Before we get started, I wanted to mention that I apparently saw an extended version of the movie. Apparently, there's a 90 minute cut somewhere in existence, but the one on Netflix is 101 minutes, so... I don't really know what that says. I also wanted to mention that this is my 200th movie review on Letterboxd. My, how far we've come.

I wanted to watch this just for the heck of it because I heard how bad it supposedly was. I must admit, though, for the first half hour or so, I thought it was so much better than the 37% on Rotten Tomatoes it received. Sure, the characters were mostly uninteresting, the tension was almost nonexistent, and the plot felt cliché, but the film was still okay to watch. It was well-shot, it had an interesting idea for a premise, and the actors honestly did a pretty good job overall. However, about half an hour in, this film introduces time loops into the fray and once it does that, it completely loses all sense of logic it previously had. Seriously, for the final half hour of the movie, I couldn't stop saying to myself, "I literally don't understand what the f*** is happening." Especially for the last 15 minutes, I had to look up the synopsis on Wikipedia to figure out what the hell happened, and that synopsis made more sense than that entire last hour.
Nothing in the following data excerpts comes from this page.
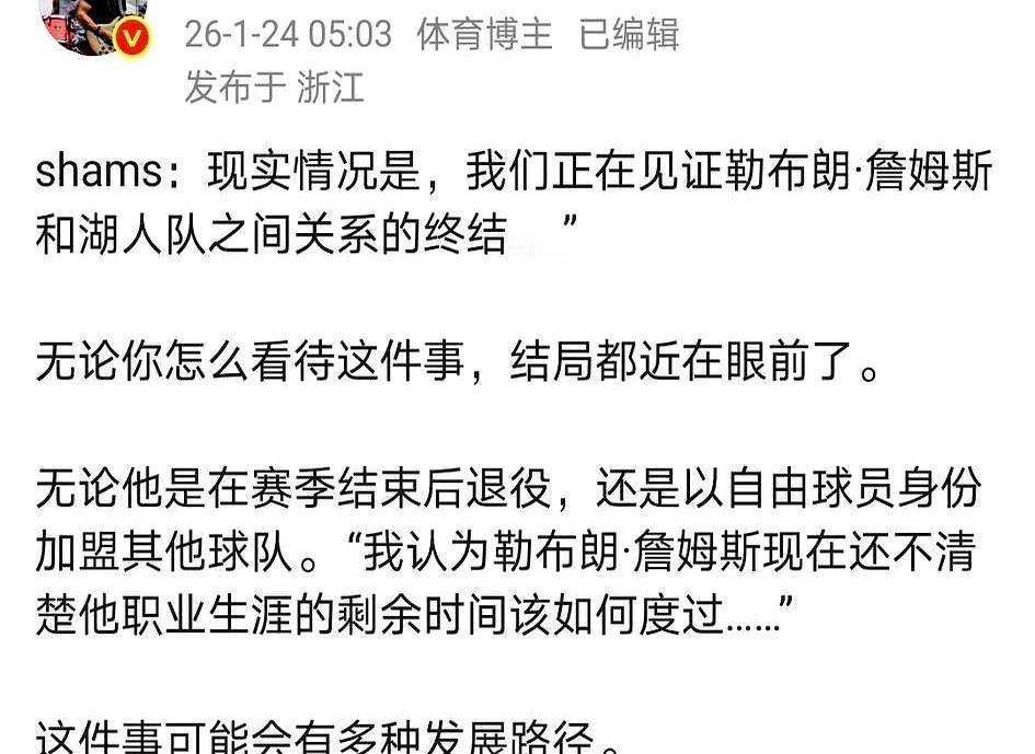 Shams一句话把窗户纸捅破:詹姆斯和湖人,快散了。 合同剩最后半年,湖人提前表态“不续”,摆明要翻篇。老板早想拆伙,22年就想甩,只是老詹手握否决权,动不了。如今到期自然分手,省得撕破脸。 别急着骂资本家冷血。生意就是生意,冠军拿了,门票赚了,收视率保住了,互相谁也不欠谁。湖人想省钱练新人,老詹想最后再冲一把,道不同不相为谋,好聚好散比硬凑一起体面。 至于“湖人变二队”?醒醒,快船再风光也租球馆,紫金外套还在球馆上空挂着。招牌褪色是战绩烂,不是谁走谁留。真想回榜首,靠选对人,不靠赖着谁。 老詹若留下,降薪是必答题;若出走,也别说背叛。都是成年人,各选前程,就这么简单。
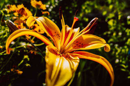 Beautiful and bright yellow lily. Sets the summer mood. A bright flower. Natural beauty.
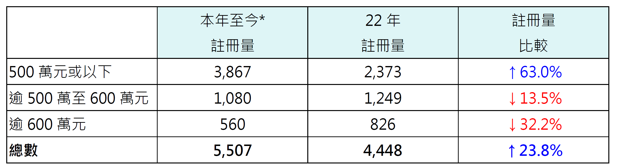 若以金额划分本年至今二手居屋注册量表现,其中500万元或以下二手居屋录3,867宗注册,较去年的2,373宗增加约63%;相反,逾500万至600万元二手居屋录1,080宗注册,较去年的1,249宗减少约13.5%;逾600万元二手居屋录560宗注册,较去年的826宗减少约32.2%(见表一)。
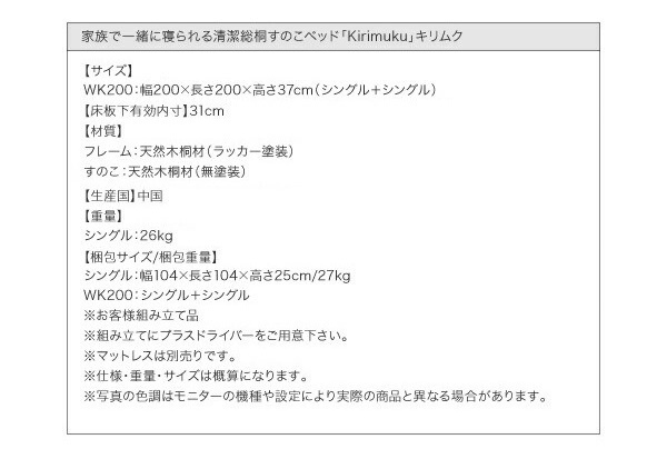 ![]() 総桐すのこベッド Kirimuku キリムク ベッドフレームのみ ワイドK200(S×2) ナチュラル ![]() ※お使いのブラウザ・モニター等の使用状況により色目の見え方が異なる場合がございます。 ◇◆支払詳細◆◇ ※代引き・同梱不可 ◇◆発送詳細◆◇ 納 期:メーカー倉庫直送(入金確認後4営業日内発送) ※商品は玄関渡しになります。 ※北海道・沖縄県へは送料がかかります。ただし、離島は配送不可です。予めご了承ください。 ※離島について:本州・本島などと橋でつながっている場合にも該当致します。 その他一部地域についてお届けができかねる場合があります。 ![]() ■土日祝はお休みさせていただきます。 ■初期不良の場合はお届け後1週間以内に限り返品交換対応可能です。 ■到着後、破損不良等の有無をお確かめ下さい。 ■配送時の梱包のまま交換お願いします。 ■梱包材が無い場合でのお引取りはできませんのでご注意下さい。 ■お客様都合によるイメージ違い、サイズ間違い等の事由では、交換・返品・キャンセル等お受けできません。 ![]() ■在庫状況は日々変動しており、お支払いのタイミングによってはメーカー在庫が欠品となる場合がございます。 ■生産状況や同時注文等により、欠品となる場合もございます。 ■在庫切れの場合はキャンセルとしてお受けいたします。 ■最新の在庫状況のご確認は、質問欄よりお問い合せくださいませ。 ◇◆コメント◆◇ |

I think the movie would have been more tense if the field of grass and its ability to move people around was explained more, but the way the film was written, it just kind of... is. It's able to send people back and forth in time and location for some reason. There's a giant rock that allows people to redeem themselves for... some reason. Is the grass made of people, are there literally grass people, why does the grass convert people into a crazy version of themselves -- hell, why does the grass even have the ability to lure people in the first place? This script never takes the time to establish what this grass's powers are and when they come into effect. It just seems like characters can meet each other and find weapons and shelter and suddenly turn into villains whenever the script wants them to because why on earth not?

I was initially gonna rate this movie 3.5 stars based off of the beginning of it, but by the time it got to 30 minutes before the end of the movie, I literally couldn't understand a single thing that was going on. Therefore, I have to say that In the Tall Grass is a movie that lets down its creative premise and probably superior source material with a really unnecessarily strange movie. Like, some really f***ed up stuff happens in this movie for no reason that I can understand. I'm okay with seeing really creepy and disgusting and over-the-top and nonsensical stuff if it feels like the writers and filmmakers actually put effort into the script, but here, it doesn't feel like any effort was put into making this possessed field of grass or whatever it is feel believable. If somebody's read the original Stephen King and Joe Hill novella, please let me know how good it is in the comments because I have a pretty good feeling that whatever they wrote in that book is better than what the writers adapted into this nonsensical-in-the-bad-way movie.

Letter Grade: D+

[Dang it, I completely forgot to mention that I wouldn't have known Cal and Becky were siblings had they not explicitly stated it. I thought they were a married couple for the first twenty minutes of the movie.]